N OUS sommes le 18 octobre 1356. D'après les chroniques contemporaines, un premier tremblement de terre se produit à « l'heure du souper », vers 19 heures, préparant le terrain pour un second encore plus intense, à « l'heure du coucher », vers 22 heures.
D'intensité comparable au tremblement de terre qui s'est produit il y a deux ans à Izmit, en Turquie, celui de Bâle détruisit une quarantaine de châteaux médiévaux, un grand nombre d'églises et de clochers sur des distances de 200 km aux alentours de la ville. Or, selon une étude menée par des chercheurs suisses et français, publiée dans la revue « Science » (14 septembre), cette faille active, sous-jacente aux banlieues et forêts directement au sud de Bâle, s'agite encore.

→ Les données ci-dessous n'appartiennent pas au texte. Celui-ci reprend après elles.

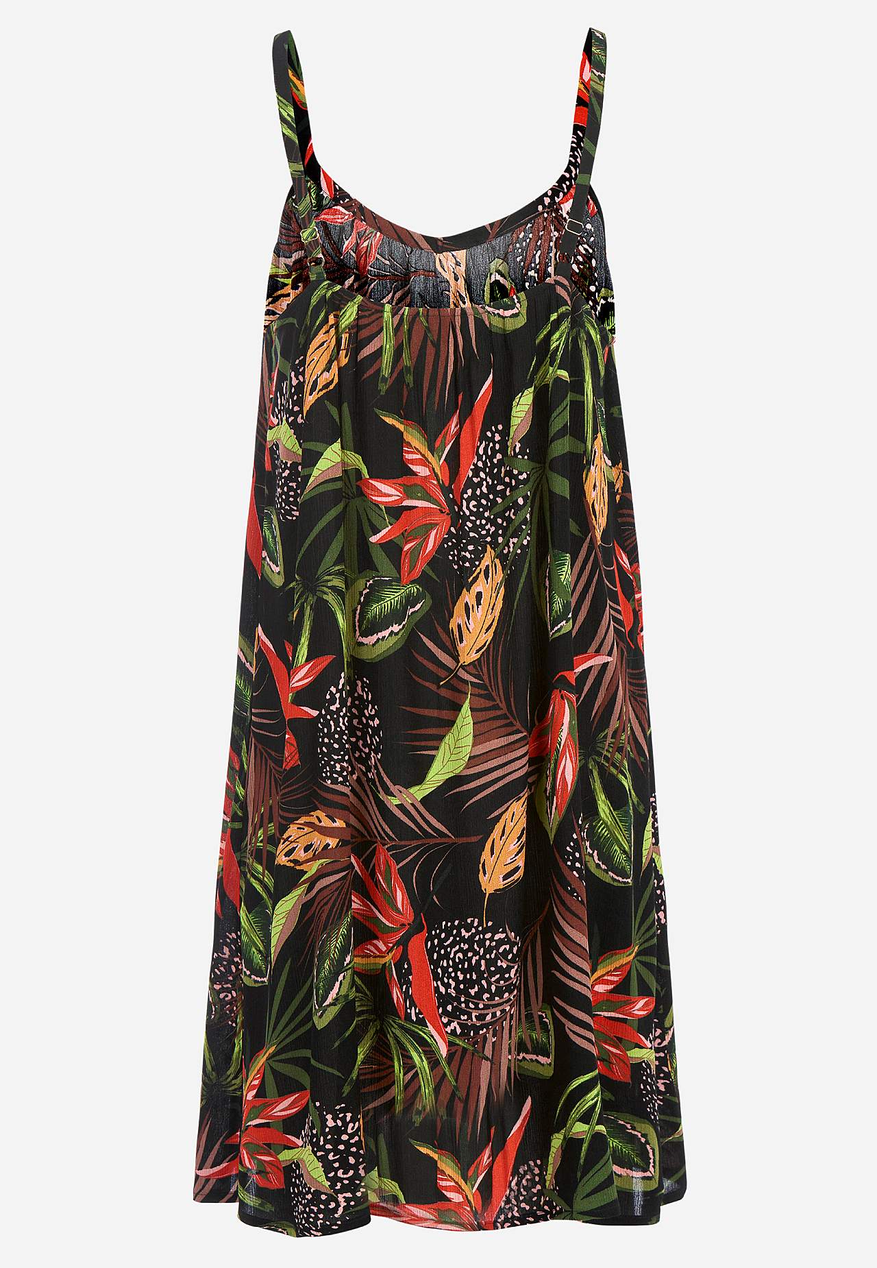 Viskozes krepa auduma kleita ar plecu lencītēm. Gaisīgs, mīksts materiāls. Brīvs piegriezums, ērts platums. Regulējamas plecu lencītes. Garums mugurpusē atbilstīgi izmēram aptuveni 69-76 cm.
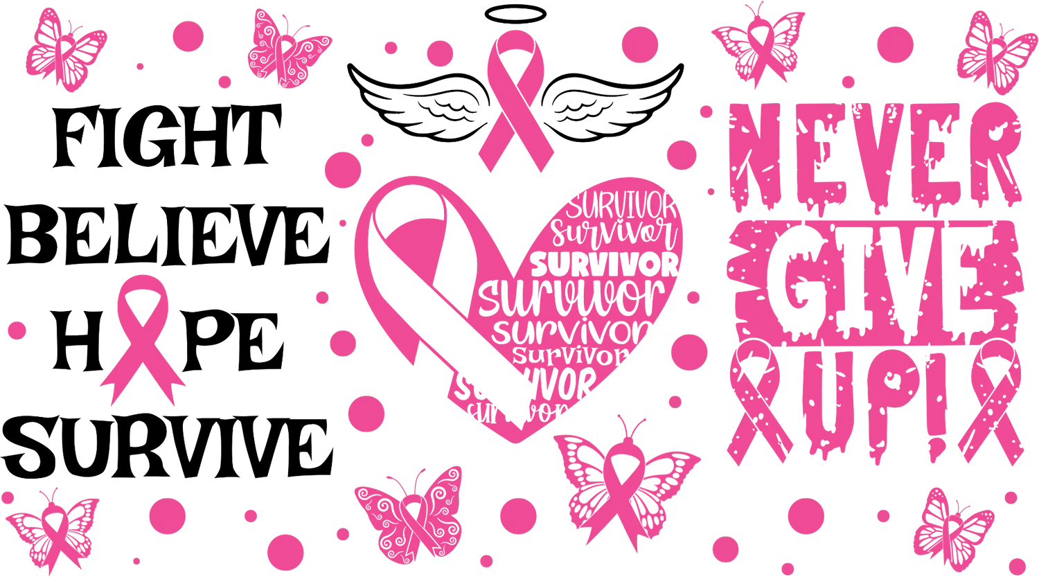 Never Give Up Heart - Awareness Cup Wrap UV Sticker Permanent UV DTF Decal

Repérée au niveau du sol par une escarpe, cette faille active, « la faille de Bâle-Reinach », a provoqué trois ruptures successives qui, selon les chercheurs, auraient soulevé la surface terrestre de 1,8 m au cours des derniers 8 500 ans. « Bâle ne subira pas forcément un séisme massif au cours de notre siècle », déclare toutefois l'un des auteurs de l'étude, Peter Huggenberger, de l'université de Bâle. Mais l'importante présence d'industries nucléaires et chimiques dans la région fait craindre le pire.
Des industries à risque
Tout en soulignant qu'ils ne peuvent prédire en toute certitude le prochain tremblement de terre, les chercheurs déclarent que le modèle sismique identifié par l'étude offre à la région un intervalle de temps pour sauvegarder les infrastructures et pour établir des consignes d'urgence. Le responsable de l'étude, Mustapha Meghraoui, de l'université de Strasbourg, explique en effet que le modèle sismique décrit mène à une « récurrence d'environ 1 500 à 2 500 ans pour un tremblement du même type que celui de 1356 ».
Par ailleurs, la Suisse possède un service national de sismologie assez efficace puisqu'il gère deux réseaux de surveillance sismique. Le réseau des forts séismes, créé en 1992, se compose de plus de 90 stations chargées de mesurer les tremblements de terre relativement importants. Quant au second réseau, il comporte 27 sismographes ultrasensibles reliés à un système d'alarme. Par exemple, en cas de séisme d'une magnitude supérieure à trois sur l'échelle de Richter, l'alarme est donnée à l'Office fédéral de l'économie des eaux, qui s'occupe notamment de surveiller les barrages.
A partir du Jura suisse au sud de Bâle, la faille d'escarpement de Bâle-Reinach s'étend sur au moins huit kilomètres. Elle se prolonge vers le nord-est, franchit une vallée d'effondrement au sud du Rhin (le graben du Rhin) puis traverse la vallée de Birs. Selon les experts, elle fait partie d'une couche sismique plus importante. La recherche de l'origine précise du tremblement de terre de 1356 n'a pas été facile puisque la faille est partiellement obscurcie par des forêts alpestres denses. Les scientifiques ont d'abord étudié les déformations que la faille de Bâle-Reinach a provoquées en surface, y compris les méandres anciens de la rivière Birs toute proche. Les traces d'écoulement d'eau le long de l'escarpe ont d'abord servi d'indications quant au type de faille du graben du Rhin : les ruisseaux tributaires de la Birs creusent de courtes mais profondes entailles à la surface est de l'escarpe, tandis qu'à l'ouest, la pente plus douce présente des ruisseaux en longs méandres. Pour les experts, de telles caractéristiques de drainage suggèrent une « faille active normale ».